Finalmente,  respecto de los  alegatos esgrimidos en sede de impugnación, cabe observar que  la censora planteó hechos nuevos relacionados con la indebida  aplicación de las reglas hermenéuticas. De manera que,  estos novísimos planteamientos, son ajenos a la discusión  porque el despacho cuestionado no tuvo la oportunidad para  controvertirlos, so pena de quebrantar el derecho de defensa que le  asiste a aquel, conforme se ha evocado en casos similares, donde esta  Corporación ha subrayado que  

(…)  [r]especto de las circunstancias que expuso la impugnante ante esta  Corporación (…) no puede pronunciarse esta Colegiatura,  pues se trata de hechos nuevos, no mencionados en el libelo  constitucional, por lo que sobre tales aspectos el accionado no ha  tenido oportunidad de contradicción. Por tanto, un estudio por  la Corte implicaría la vulneración del debido proceso y  del derecho de defensa de la autoridad criticada. Sobre el particular  la Sala ha indicado que: (…) es cierto que en sede de tutela,  está establecida la facultad – deber del fallador de  sentenciar extra y ultra petita cuando, en el trámite ante él  ventilado, se advierta la necesidad de reparar o evitar la  trasgresión o amenaza de los bienes jurídicos  superiores (…) También lo es que lo anterior no puede  convertirse en patente de corso cuando de hechos nuevos se trata,  como quiera que ésta tampoco es extraña a las reglas  del debido proceso, entre las cuales se destaca el derecho de los  convocados a la defensa (15 mar. 2011, exp. 00003-01, 20 sep. 2012,  exp. 2012-00195-01, CSJ STC5618-2020,  CSJ STC-572-2021, y CSJ STC2544-2021, entre otras).  
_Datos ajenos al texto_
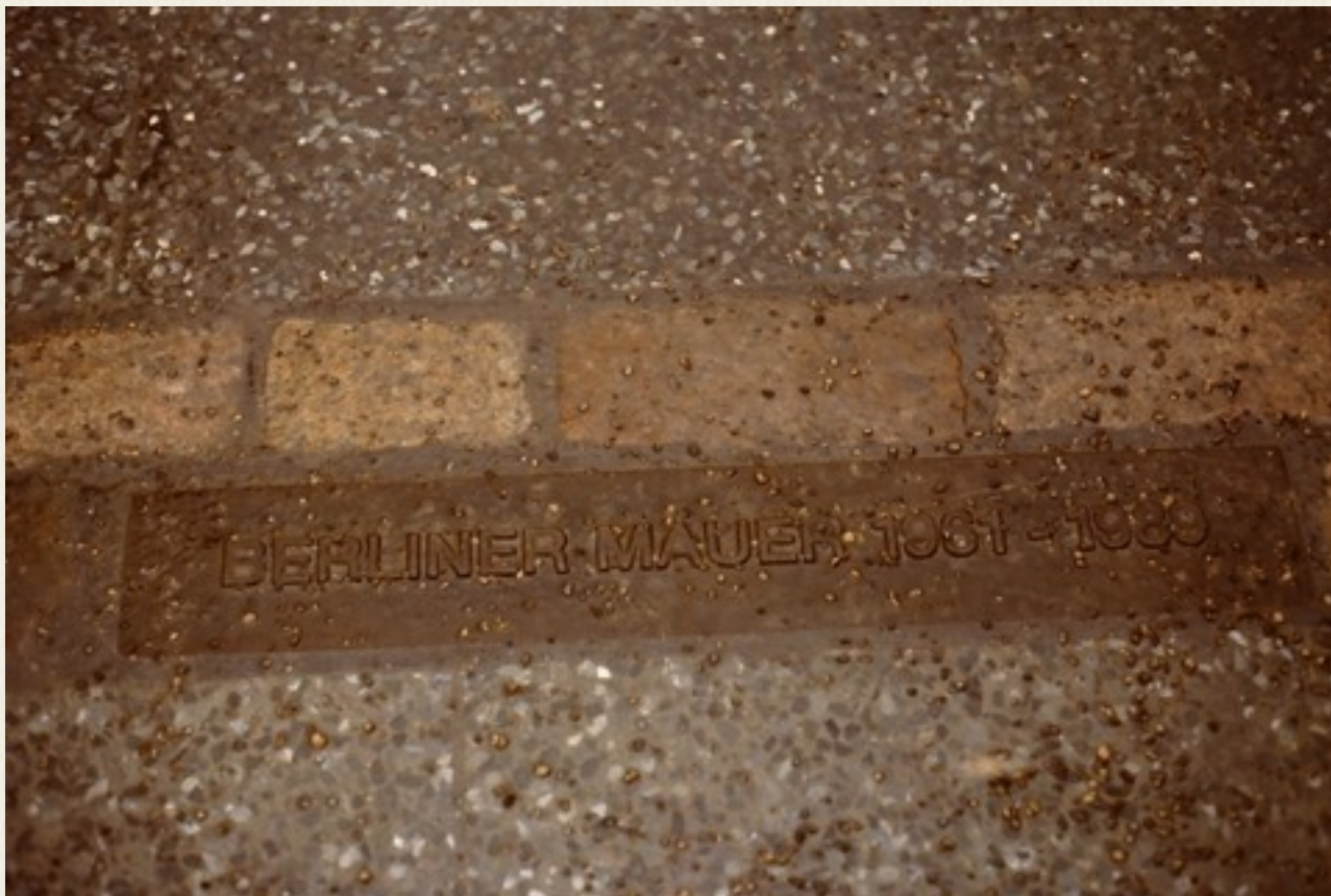
Foto af en markering i gaden, hvor Berlinmuren gik på dette sted. Pladen er svær at læse, det kan måske tolkes som Berlinmuren er ved at glemmes, nu her 30 år efter den fandtes.

Der er et ordsprog, der siger: ”Om 100 år er alting glemt”. Der er på dette tidspunkt i 2199 sikkert ikke nogen der er levende, der har oplevet Berlinmuren.

Así  las cosas, puesto que la providencia cuestionada en esta queja  descansa en un discernimiento razonable, será refrendado el  proveído opugnado.  

DECISIÓN  

En  mérito  de lo expuesto, la Corte Suprema de Justicia, en Sala de Casación  Civil, administrando justicia en nombre de la República y por  autoridad de la Constitución y la Ley CONFIRMA  la  sentencia de fecha, naturaleza y procedencia conocida.  

Infórmese  a las partes e intervinientes por el medio más expedito y  remítase el expediente a la Corte Constitucional para su  eventual revisión.  

NOTIFÍQUESE  Y CÚMPLASE  

FRANCISCO  TERNERA BARRIOS  

Presidente  de Sala  

ÁLVARO  FERNANDO GARCÍA RESTREPO  

HILDA  GONZÁLEZ NEIRA  

AROLDO  WILSON QUIROZ MONSALVO  

LUIS  ALONSO RICO PUERTA  

OCTAVIO  AUGUSTO TEJEIRO DUQUE  

1          «3.04.          FIANZA INMOBILIARIA. Si el MANDANTE ha autorizado y se ha tomado la          Fianza Inmobiliaria o el Seguro de Arriendos, el Mandante continuará          recibiendo los cánones mes a mes conforme a la cláusula».